Christian liberty bows to the Lordship of Christ. “All things are lawful” cannot mean “everything is wise.” Freedom is tested by benefit and by mastery: does this help me love, and does this enslave me (1 Corinthians 6:12; Galatians 5:1)? The cross purchased freedom from sin’s tyranny, not freedom to negotiate with new masters. A habit that owns the heart—whether substances, screens, spending, or sex—fails both tests and calls for Spirit-enabled repentance and community help (Romans 6:12–14; James 5:16).
Resurrection gives the body dignity and direction. God raised Jesus bodily and will raise believers bodily, so the body is not a shell to be used and discarded; it is a participant in salvation (1 Corinthians 6:14; Romans 8:11). That future lifts everyday choices into worship. What seems private is actually priestly, because members of Christ carry his name into every bodily act (1 Corinthians 6:15; Colossians 3:17). Hope in bodily resurrection rejects both hedonism and contempt for flesh.
Union with Christ makes sexual ethics personal to the Lord. One-flesh union is covenantal by design; it both expresses and deepens a bond meant for marriage, which is why joining Christ’s members to illicit unions profanes the relationship with him (1 Corinthians 6:15–17; Hebrews 13:4). The command to flee acknowledges how powerful sexual desire is and calls for decisive distance rather than negotiated closeness to the line (1 Corinthians 6:18; Proverbs 5:8–9). The Spirit’s presence turns “no” into an act of love for Christ and neighbor.

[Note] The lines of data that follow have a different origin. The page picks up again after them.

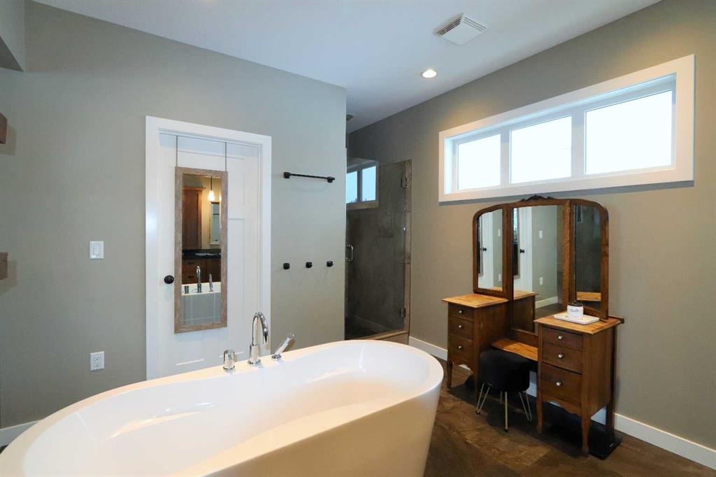 Discover this impressive modified bi-level situated in a highly desirable Riverside location. Designed with comfort and functionality in mind, the open-concept main living area features 9-ft ceilings throughout and a raised ceiling in the living room, adding to the sense of space and showcasing the striking floor-to-ceiling stone fireplace. The kitchen offers an ideal layout for everyday living and entertaining, complete with a large island, quality granite countertops, pantry and stainless steel appliances. The main floor includes two well-appointed bedrooms and a full bathroom, while the stunning primary suite is set just a few steps up for added privacy. This retreat features barn-style tracked doors, a spacious walk-in shower, large vanity, walk-in closet, and a beautiful freestanding tub positioned as the focal point of the spacious ensuite. The fully finished basement with in-floor heat expands the living space with a bright family/rec room, thanks to generous windows that fill the area with natural light. In-floor heat adds welcome comfort and efficiency. A fourth bedroom and an additional full bathroom complete the lower level. Enjoy the back yard with maintenance-free vinyl fencing, a large play area for kids, and relax or entertain on lower deck or covered deck off the dining area. The 24×26 heated attached garage has an epoxy floor coating, other recent upgrades include new shingles and siding in 2023. There's an additional electrical and gas services should you wish to build a second garage. This property combines thoughtful design, modern comfort, and an unbeatable location—truly a place to call home.
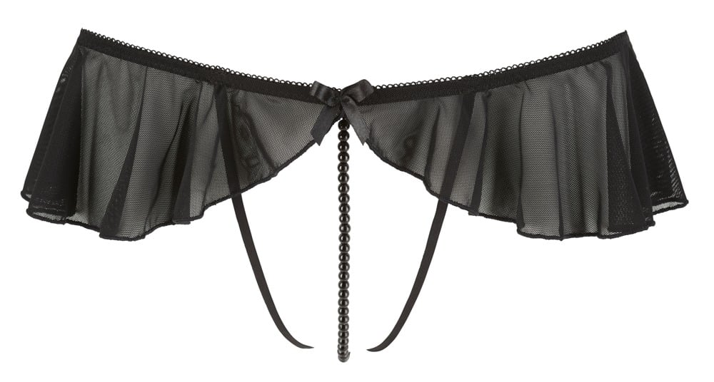 Sinnlicher String ouvert mit figurumschmeichelnden Volants und schwarzer Perlenkette durch den Schritt. Die offene Scham wird lasziv von 2 elastischen Bändern umrahmt.
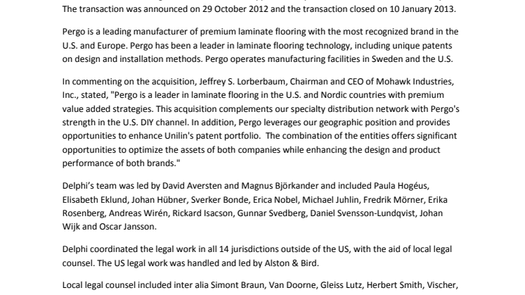 • Delphi advised Unilin and Mohawk Industries in the acquisition of Pergo
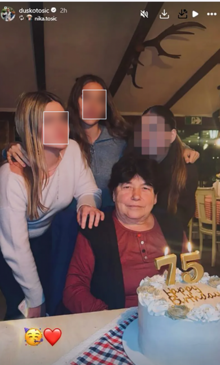 Duško Tošić, juče je imao dobar razlog za slavlje u rodnom Orlovatu. Majka nekadašnjeg fudbalera, Nikoleta, proslavila je 75. rođendan u prisustvu svojih unuka Atine i Nike, kao i ćerke Tošićeve sestre Katarine Prodanov..

Indwelling and purchase create a double claim on the body. The Spirit lives within believers as the fulfillment of promises to write God’s ways on hearts, and Christ’s blood bought them at a price; together these truths say, “You are not your own” (1 Corinthians 6:19–20; 1 Peter 1:18–19). This is not bondage; it is belonging. The temple identity grants both privilege and responsibility as the church tastes now the presence that will fill everything when the Lord returns (Ephesians 1:13–14; Revelation 21:3). Holiness becomes joyful stewardship of what God owns.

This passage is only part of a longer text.